The VMGM appears when the user starts playing the disc unless the first title on the disc is authored as an autoplay title. In this case there may not be a VMGM. Most feature films on DVD are authored as autoplay titles.

Video Title Set Menus and Submenus
A Video Title Set Menu, also called a Root Menu (even though it's not at the root!), is a submenu of the VMGM. There can be from 1 to 99 titles in a title set. The VTSM has buttons enabling the user to go to any of the titles in the title set. In addition, the VTSM can also have submenus which enable the user to go to choose options for the audio stream, camera angle, subpicture stream, or chapter. These submenus are always valid for all the titles in the title set. VTSM submenus are not used on most DVDs. The root menu and all other submenus are optional, so never assume that all submenus in a VTSM have a common root menu.

Parental Management Levels

All or part of a DVD disc can be encoded with a Parental Management Level (PML) numbered from one to eight. Eight is the most restrictive level (adults only) and one is the least restrictive (all ages). The idea is to prevent children from watching adult content without parental consent, while allowing adults to watch child-safe content. In the United States and Canada, the levels map to the rating system of the MPAA (G, PG, PG-13, NC-17), but this is not the case in other countries or regions.

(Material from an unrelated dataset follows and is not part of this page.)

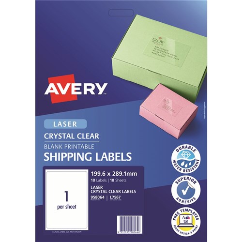 Avery Crystal Clear Laser Address Labels 199.6x289.1mm 1UP 10 Labels 10 Sheets
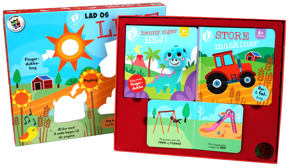 Med denne fine gaveæsker får du hele tre papbøger til de yngste børn. Æsken indeholder en papbog, en papbog med fingerdukke og en rør og føl-bog. Selve æsken med sine søde tegninger gemmer også en søge-leg.

Because chapters can exist logically within a parental block, there may be two versions of the same chapter in a title, each assigned a different PML and in a different parental block. For example, a child who logs in and plays the disc would see one version of Chapter 3, and an adult who logs in would see a different version, assuming that the application supports PMLs.

A title or chapter can also contain temporary PMLs, whose content is rated higher than the PML for the title or chapter as a whole. This means that a title may have more than one parental level. Temporary PMLs are generally authored as angle blocks, so that a scene in a film may have two versions, one rated for younger viewers and one for adults.

It is the responsibility of the player application to enforce the parental levels.


The concept of the domain is very important to DVD navigation, but domains are not physically marked on the disc in the same way that titles, menus, and angle blocks are, and so DVD authors have no control over them. A DVD domain can be thought of as a type of state variable, with five possible values, that a DVD player monitors in order to keep track of the type of content that the player is currently reading from the disc. DVD players use domains to keep from issuing meaningless commands to the DVD drive. For example, a "SelectButton" command is only meaningful if a menu is displayed, and a "FastForward" command makes no sense if the player is currently stopped or is showing a menu, which is a still image. The following table summarizes the domains and their meaning from the perspective of an application.

Domain What the DVD Navigator is reading
First Play The initial section of the disc, for example, the FBI warning.
Video Manager Menu The main menu for the entire disc or disc side. Any menu-related methods are valid.
Video Title Set Menu The menu for a title or group of titles, or one of its submenus—subpicture, language, audio, or angle. Any menu-related methods are valid.
Title The video content in a title. The menu-related methods are not valid.
Stop Nothing. The head is retracted from the disc. From here you can call Play.

User Operation Controls

User Operation Controls (UOPs) are markers on a disc that DVD authors can insert anywhere to restrict a user's navigation options. Most discs follow standard UOP restrictions. For example, most discs do not allow the viewer to fast forward or show a menu while in First Play domain. In principle, each disc can insert any UOP command at any point on the disc, even if the command would otherwise be valid within the current domain. For example, a disc may be authored to disallow fast forwarding in a certain title or to prevent a particular menu from being shown after the user enters the title domain. The DVD Navigator complies with all such commands from the disc and will not allow an application to override the disc's UOP controls.